__REQUIRED WORK__: The whole listing, exactly as given: write it out, leaving out each image.

__COLLECTED DATA__:
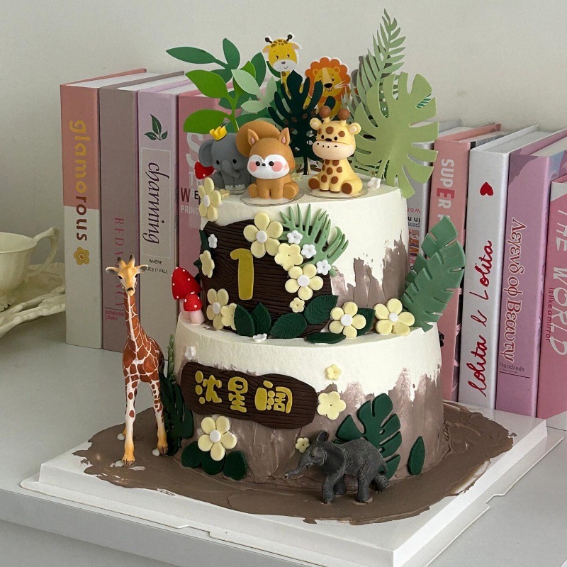 森の動物をテーマにしたケーキデコレーションオーナメント動物園キリンライオン象子供の誕生日ベーキングデコレーション
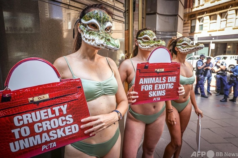 【3月14日 AFP】豪シドニーにある仏ファッションブランド「エルメス(Hermes)」の店先で、ビキニとクロコダイルの仮面を着ける動物愛護団体「動物の倫理的扱いを求める人々の会(PETA)」の活動家たち。
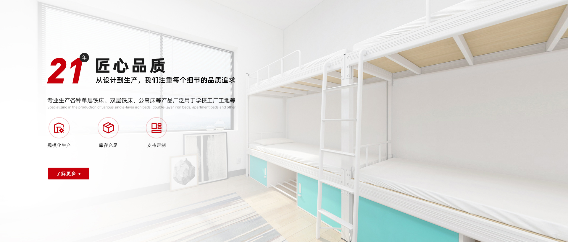 冠迪五金-看得見的鐵床生產實力 現代化生產制造企業,為超過1000企業單位提供公寓宿舍鐵床鐵柜整體解決方案

__SOLUTION__:
 森の動物をテーマにしたケーキデコレーションオーナメント動物園キリンライオン象子供の誕生日ベーキングデコレーション
 【3月14日 AFP】豪シドニーにある仏ファッションブランド「エルメス(Hermes)」の店先で、ビキニとクロコダイルの仮面を着ける動物愛護団体「動物の倫理的扱いを求める人々の会(PETA)」の活動家たち。
 冠迪五金-看得見的鐵床生產實力 現代化生產制造企業,為超過1000企業單位提供公寓宿舍鐵床鐵柜整體解決方案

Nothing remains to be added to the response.